Река пряталась в широких травяных берегах, ее не было видно и за десять шагов. Уже мерцали там и здесь соцветья пижмы и осенне-солнечные метелки золотарника, напоминающие пух свежей мимозы. Горели бледным марганцем кипреевые костры. Прибрежные поляны были безлюдны, но при этом не казались пустыми. Цветы тянули шеи, пытаясь наглядеться на уходящее солнце.

Шагая к реке по розовеющему полю, я чувствовал себя то ли уменьшенной статуей Командора, то ли ходячим бревном, недобуратиной. Начав говорить о ремонте, Варвара уже не могла остановиться. Собственно, бормотала она о будущем ремонте в форме беспощадной критики нынешнего дома. И вместо того чтобы праведно наслаждаться красотой пахринских берегов, я каменел от глупой нарастающей обиды. Ведь это мой дом! Мой родной дом!

Возвращаясь с работы или из поездки, я слегка глажу по стене прихожей, словно это не обои, а спина любимого пса. Нет, это недостаточно точно. Я чувствую не просто любовь к дому, но почти суеверную благодарность за то, что он у меня есть.

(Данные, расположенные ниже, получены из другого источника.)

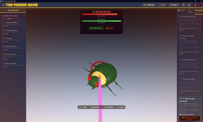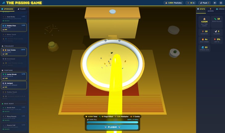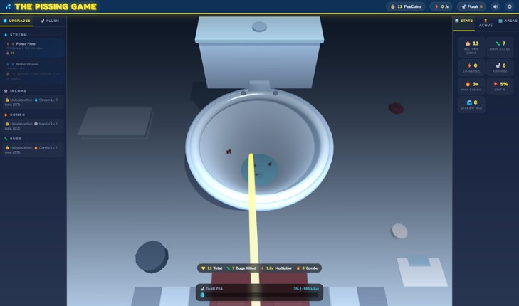 Enter a world where the most mundane of acts becomes a quest of legend. In this game, you confront the ultimate challenge of... relieving yourself into a bowl. But this is no ordinary bathroom break. As you aim, the world around you teems with relentless bugs, each one a small but formidable adversary. Every victorious strike rewards you with Piss-coins, the currency of this strange realm. With P… If you enjoyed this game, see our list of games similar to The Pissing Game.
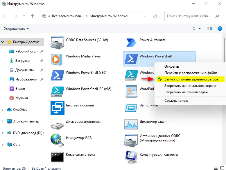 - Выбрать правой клавишей мыши PowerShell и в контекстном меню выбрать Запуск от имени администратора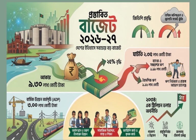 সব মিলিয়ে নতুন বাজেট একদিকে যেমন উচ্চাভিলাষী প্রবৃদ্ধি ও উন্নয়ন লক্ষ্যমাত্রা সামনে রেখেছে, অন্যদিকে ঋণ নির্ভরতা, রাজস্ব আহরণ ও বৈশ্বিক অর্থনৈতিক অনিশ্চয়তা বড় চ্যালেঞ্জ হিসেবে সামনে এসে দাঁড়াচ্ছে।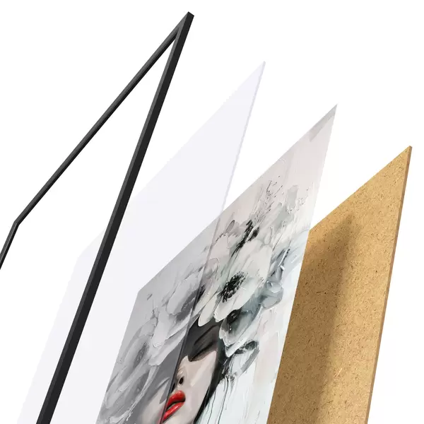 El póster consta de marco, plexiglás, imagen impresa y soporte de aglomerado. El póster puede colgarse inmediatamente en la pared gracias a los soportes de la parte posterior.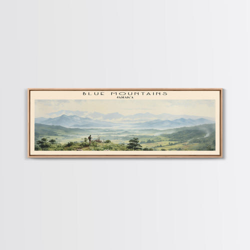 Blue Mountains Travel Print Wall Art, Travel Poster Print, Retro Style COUNTRY Home Decor, Wall Hanging, Travel Gift Idea, Unique Metal Art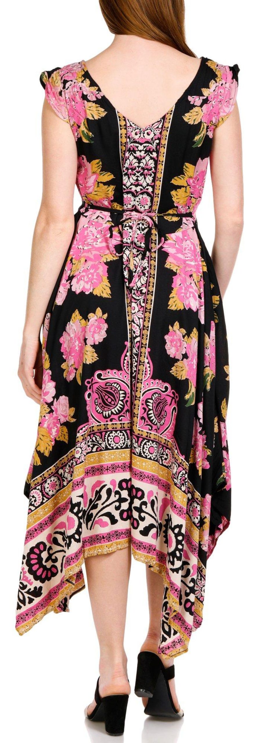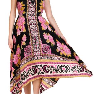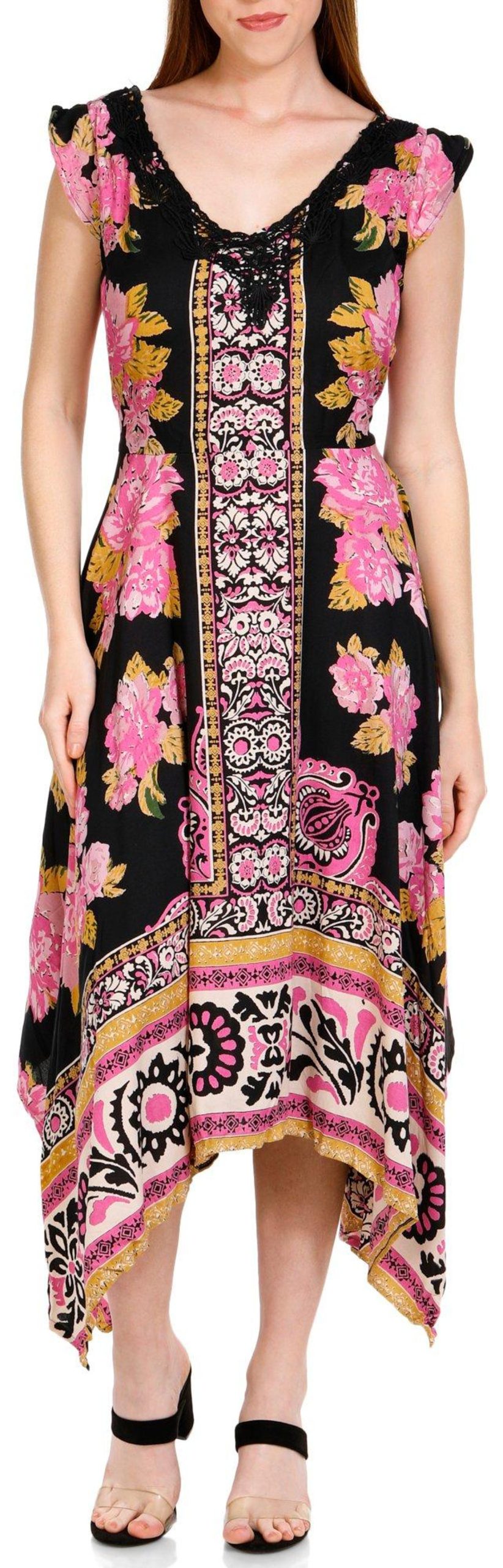 This Sleeveless Midi Dress is a vibrant and stylish addition to your wardrobe. It features a bright floral print pattern that adds a pop of color and a cheerful vibe. The crochet trim accents provide a delicate and elegant touch, making this dress perfect for any occasion.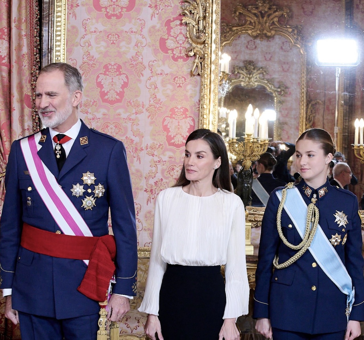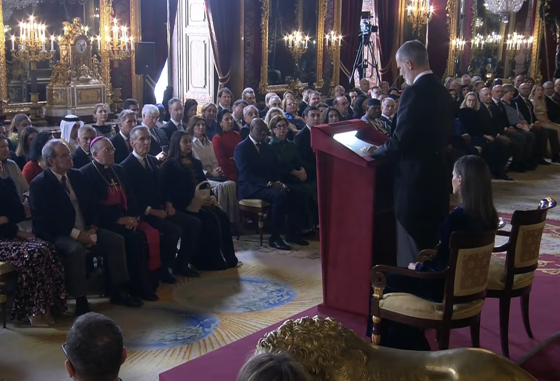 Afterwards, the King gave his annual speech in the Throne Room of the Royal Palace of Madrid. Later, the King and Queen attended a Reception in the Hall of Columns.
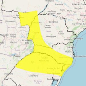 O Instituto Nacional de Meteorologia (Inmet) emitiu um alerta amarelo para vendaval e queda de granizo. O alerta começa neste domingo (14) e segue até, pelo menos, a manhã de segunda-feira (15), para as regiões Oeste e Sudoeste do Paraná.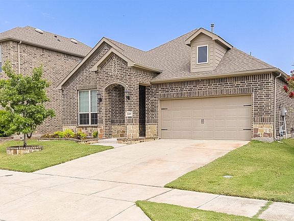 Welcome home to this beautifully maintained stone and brick residence that combines charm, functionality, and comfort. From the moment you arrive, you’ll notice the great curb appeal enhanced by mature landscaping, a welcoming front entry, and sidewalks that make this community perfect for evening strolls or morning jogs. Step inside to find neutral colors throughout, tall ceilings, and rounded corners that give the home a light, open, and inviting feel. The heart of the home is the spacious kitchen, designed with both style and practicality in mind. It features a large island with a sink, breakfast bar seating, stainless steel appliances, and an abundance of counter space for meal prep or entertaining. The bright and open layout allows the kitchen to flow seamlessly into the dining and living areas, making it the ideal setup for gatherings. The primary suite is a true retreat, highlighted by a Texas-sized walk-in closet that offers all the storage you could ever need. The ensuite bathroom provides a relaxing escape after a long day. Secondary bedrooms are well-proportioned, and ceiling fans throughout the home help keep energy costs efficient while providing added comfort. Additional upgrades include ceramic tile flooring throughout, a covered back patio perfect for outdoor living, gutters for peace of mind, and a privacy fence for your own backyard oasis. The 2-car garage adds both convenience and storage space. This home is move-in ready, meticulously cared for, and located in a desirable neighborhood with a community pool to enjoy on those warm Texas days. Don’t miss your opportunity to make this beautiful property your own and start creating memories here—it’s the perfect blend of comfort, style, and location.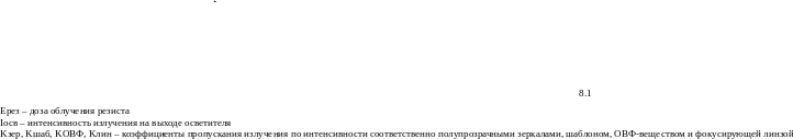 Некоторые значения в формуле 8.1 можно легко определить. Доза облучения резиста полагается равной типичному для 193нм-литографии значению Eрез=20 мДж./см2. KОВФ оценивается единицей, поскольку, например, при ВЧВС коэффициент передачи бывает больше единицы, а при ВРМБ, где только один пучок света, коэффициент заведомо меньше единицы. Kлин1 вследствие того, что материалом линзы может быть либо SiO2, либо CaF2, а оба данных материала прозрачны на 193 нм.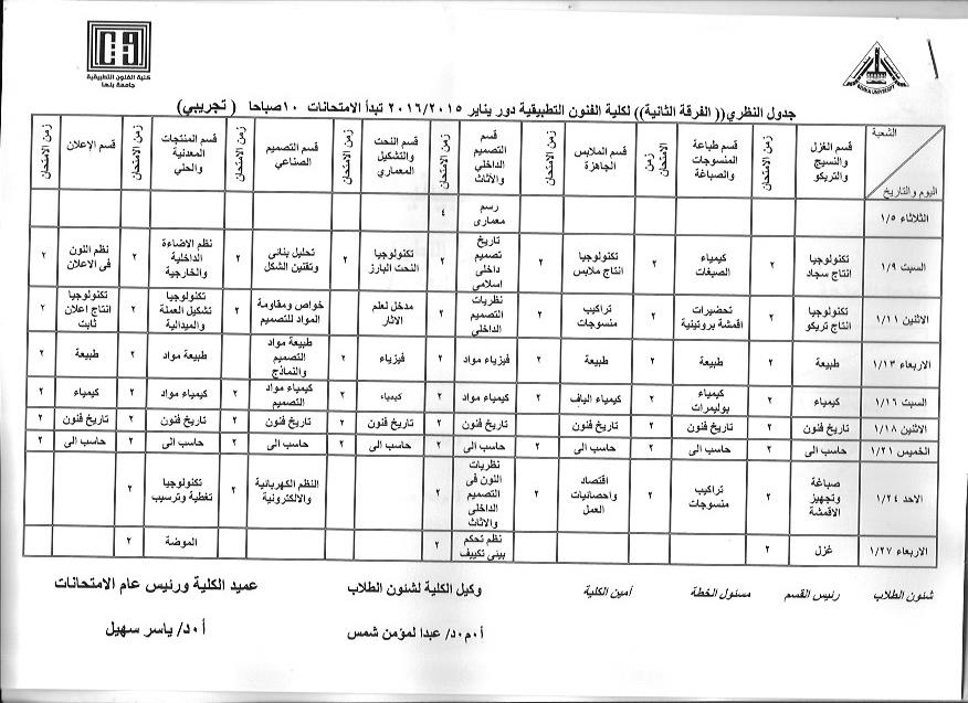جدول النظري للفرقة الثانية لكلية الفنون التطبيقية دور يناير 2015-2016 (تجريبى) مميز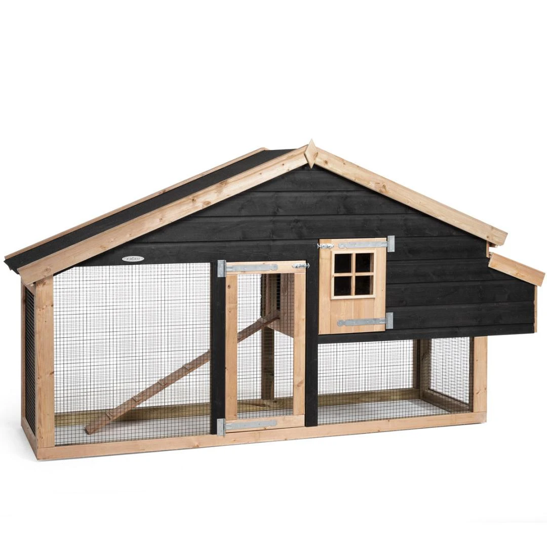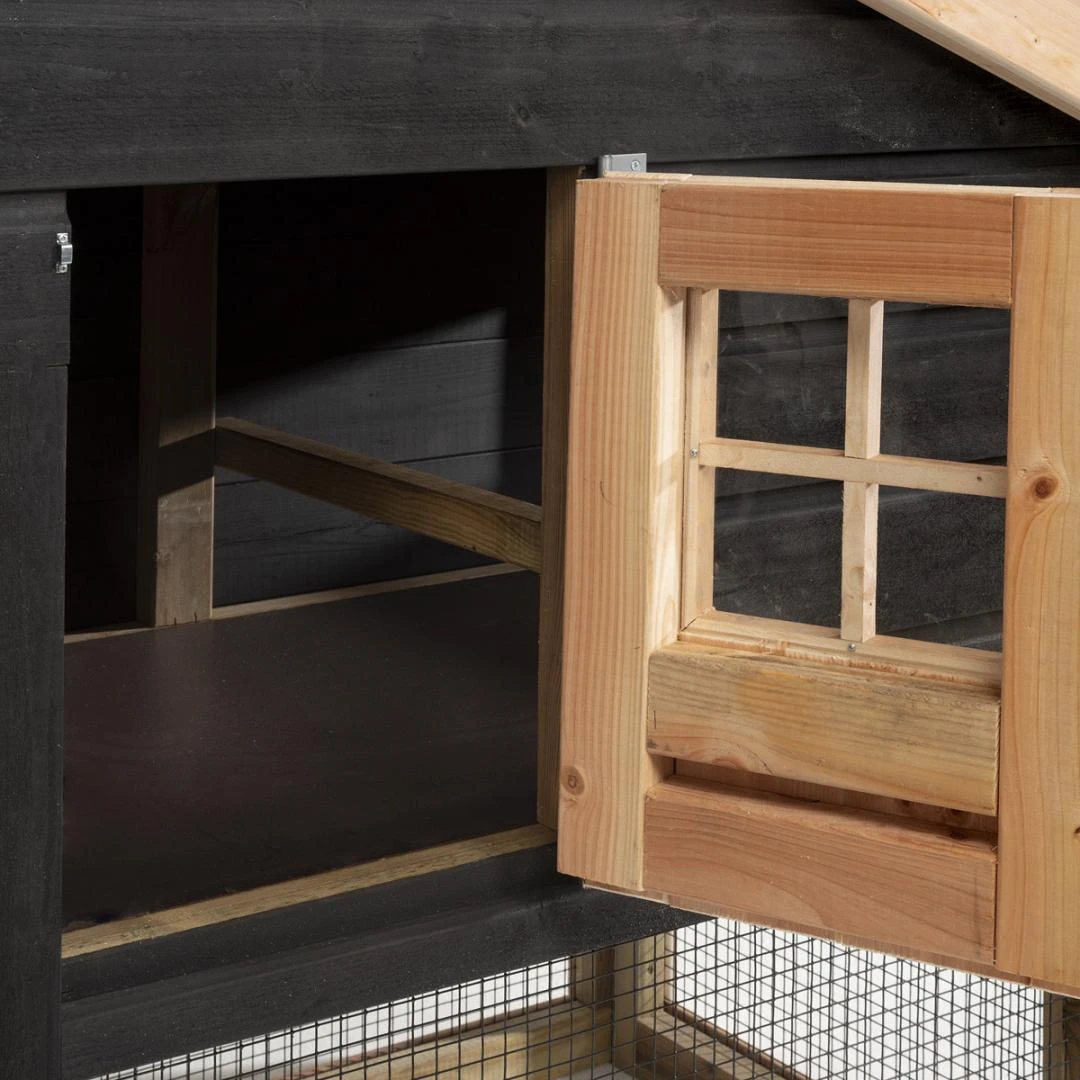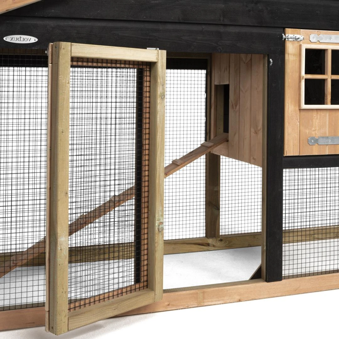 Het Voldux Kippen- of konijnenhok Remco bestaat uit een ruim opgezet nachthok én een ren om lekker te kunnen scharrelen of rondhoppen. De uitstraling van het verblijf is te danken aan de combinatie van verschillende hoogwaardige materialen. Zo is het hok opgebouwd met een frame van geïmpregneerd hout, is het hok afgewerkt met prachtige zwarte rabatdelen én is voor de afwerking gekozen voor Douglas hout. Om het totaalplaatje compleet te maken is het hok voorzien van hoogwaardig en stevig zwart gecoat 19×19 gaas.
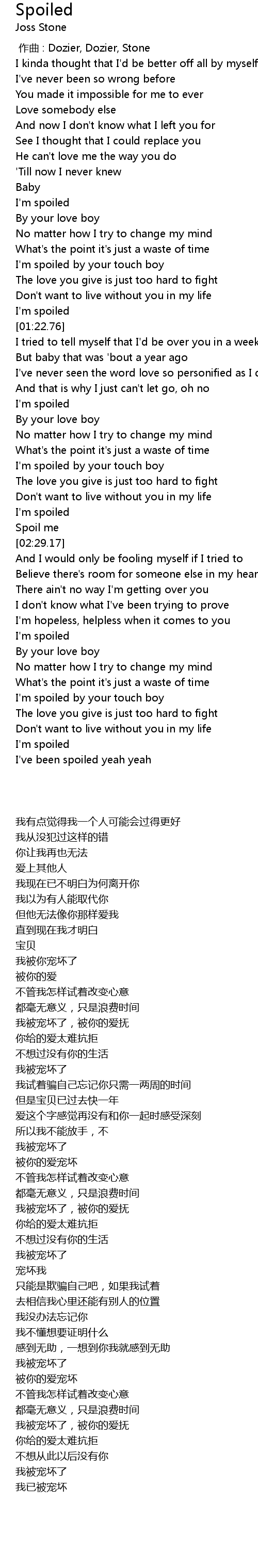 | [03:41.56] | I' ve been spoiled yeah yeah |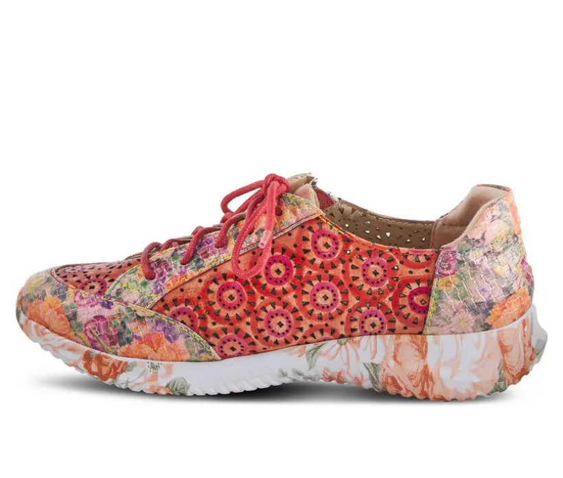L’Artiste Style: JAZZIE. A lightweight sneaker that will put a spring in your step. This sneaker style casual has leather laser circle cutouts, lace up straps and a beautiful faux leather metallic pattern that matches a fun floral print on the outsole. The gentle wedge slope offers not only a lift but the ultimate in all day comfort. Upper: Genuine and man-made leather combination. Lining: Synthetic. Insole: Synthetic. Outsole: Rubber. Closure: Lace-up. Heel Height: 1.25″. Wedge Height: 3/4″. Features: Adjustable, Comfort, Hand-painted, Removable Insole. Disclaimer: L’Artiste products are made with natural tanned leather using traditional hand painting techniques. This unique finishing process is used to create a natural effect with color variations to deliver authentic look and beauty.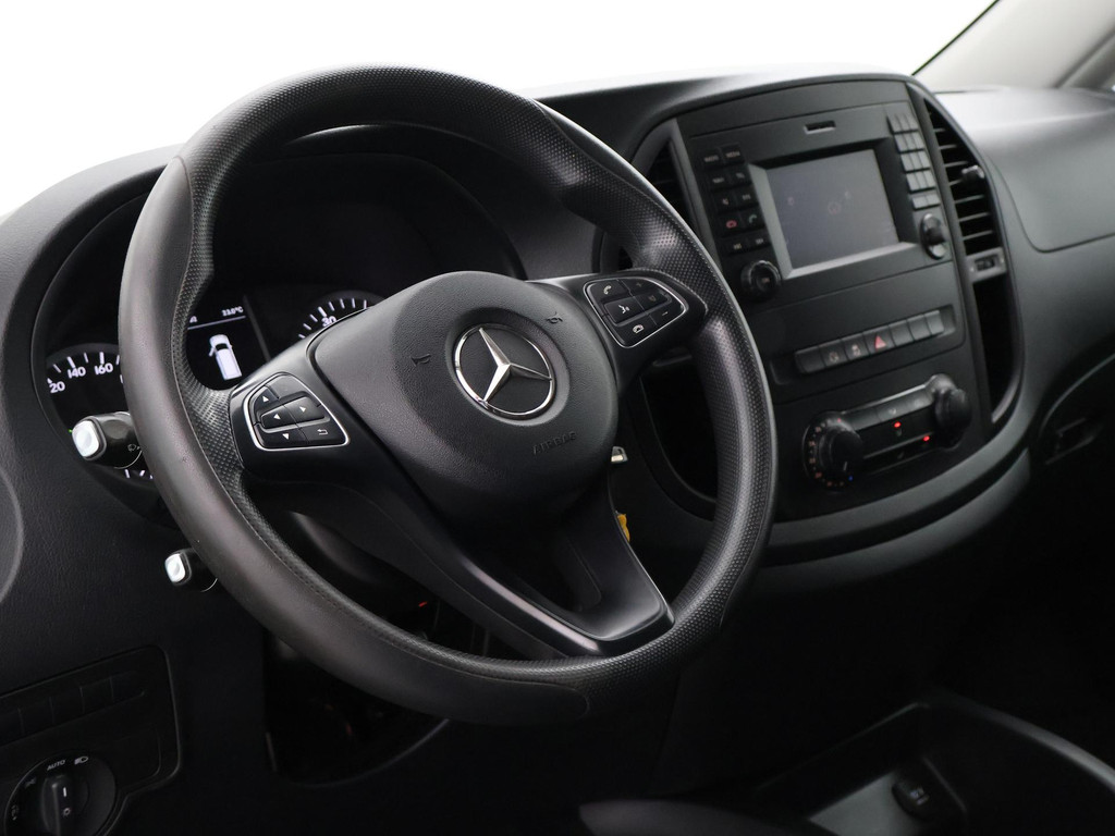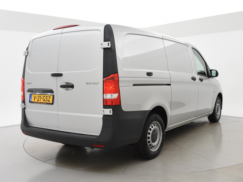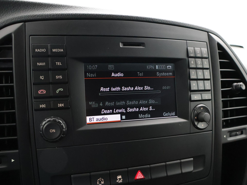 Vito 114 CDI 136 PK Automaat, Euro 6 Emissienorm, Verlengde uitvoering, 2 zwart (kunst)lederen comfortstoelen met armleuningen, Zilvergrijs metallic, LED koplampen, Cruise control, Navigatiesysteem met kaartweergave, Airco, Bluetooth telefoonverbinding met audiostreaming, Multifunctioneel stuurwiel met schakelflippers, Prijs is exclusief BTW.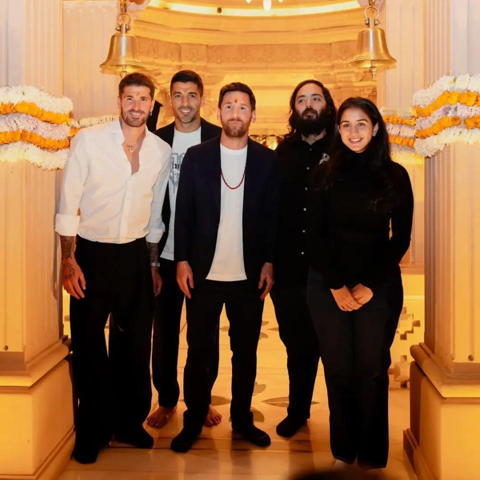12月16日,足球巨星梅西在印尼受到了印度首富300斤儿子的款待。 梅西和两名伙伴——迈阿密国际队的队友路易斯·苏亚雷斯和罗德里戈·德保罗,一起来到了首富公子安巴尼的豪宅,还参加了印度传统的祈福仪式。 安巴尼热情拥抱了梅西,两人就像好友一样,对于一向深居简出的首富公子,安巴尼这一次显得很是热情。 梅西穿着西装,内搭圆领白T,尽显成熟魅力。手上戴着的理查德·米勒限量款,价格约为120万美元,也很是贵气。 一身帅气穿着,梅西参加祈福仪式,额头还点上了红色吉祥痣,有点儿可可爱爱!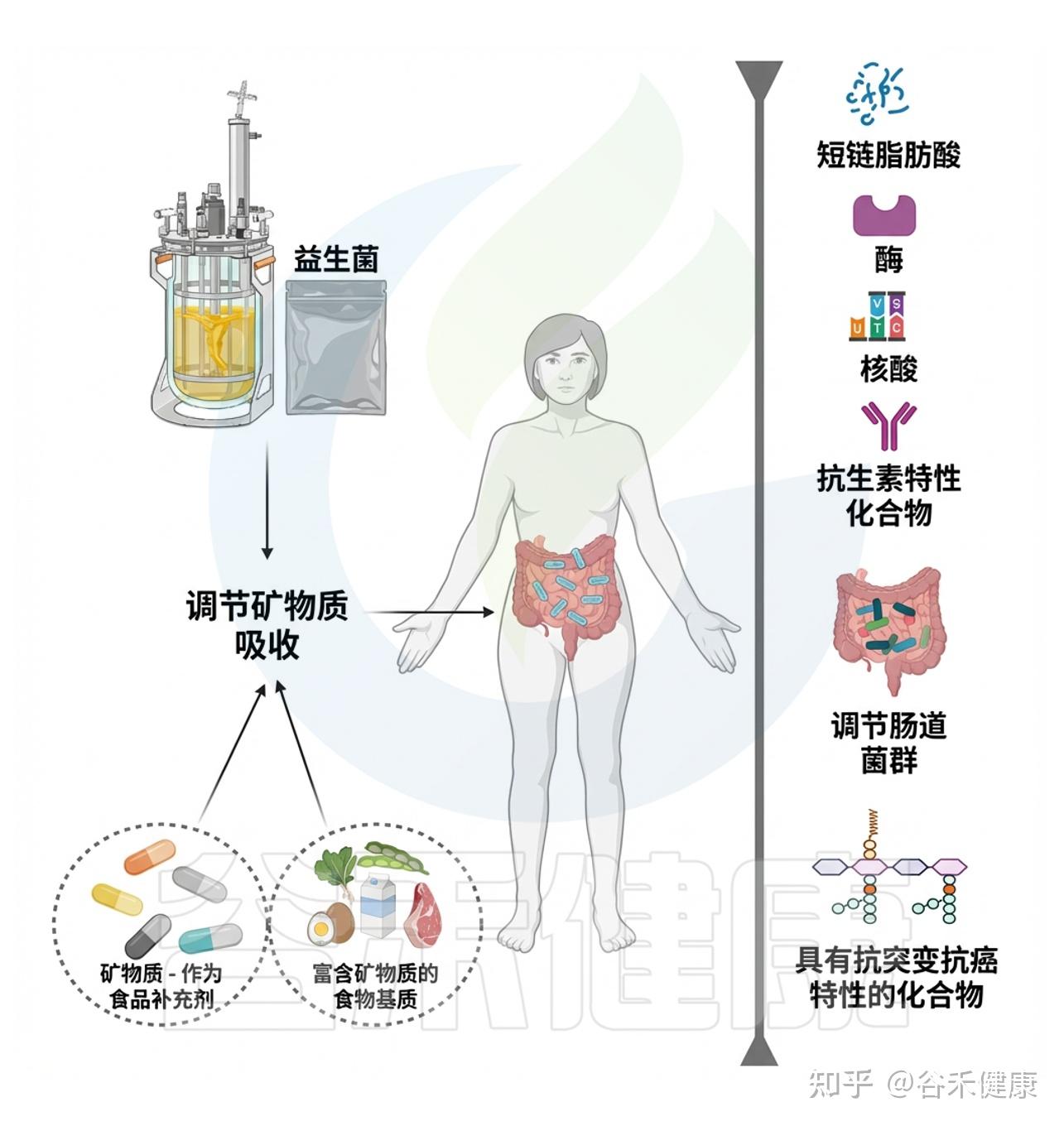 值得注意的是,近年来肠道微生物群在镁吸收、储存与代谢调控中的重要作用逐渐被揭示。菌群不仅影响了镁的生物利用效率,还通过其代谢产物影响宿主的免疫、炎症及能量代谢网络。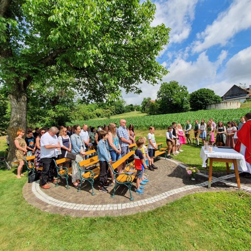 Nach der standesamtlichen Trauung am Vormittag gab es am Nachmittag eine sehr persönliche und feierliche Zeremonie auf dem Siebenbrunner Dorfplatz, zu der die Hochzeitsgäste zu Fuß spaziert sind.

Квартиру я получил в сорок лет. Большую часть жизни ждал, теряя веру, когда у меня появится свое жилье. Помню, в Новогирееве строили новую девятиэтажку. Тогда я жил в коммуналке, в десятиметровой служебной комнатенке. Каждый раз, глядя в пустые, незастекленные окна девятиэтажки, я слышал внутри себя голос, умоляющий: пустите меня домой, пожалуйста, пустите!

Что значит для бездомного обрести дом? Значит, есть где спастись от невзгод, существует место, где можно жить по-своему, например засидеться до середины ночи над книгой или плясать за закрытыми шторами, позвать гостей, скажем самую важную гостью, мою возлюбленную, которая сейчас идет рядом через буро-розовые травы и недовольным голосом поносит этот самый дом.

– Не обижайся, но когда я вижу твою кухню… – тут она скукожила такое личико, словно пыталась разглядеть мизерную, но смертельно опасную инфузорию. – Эти шкафчики двухкопеечные, этот фартук с узорчиком тюдюм-сюдюм, занавесочка эта – «ветер с моря дул»…

– Варя, послушай… Не могла бы ты описывать не то, как ужасна моя квартира, а, скажем, во что бы ты хотела ее преобразить?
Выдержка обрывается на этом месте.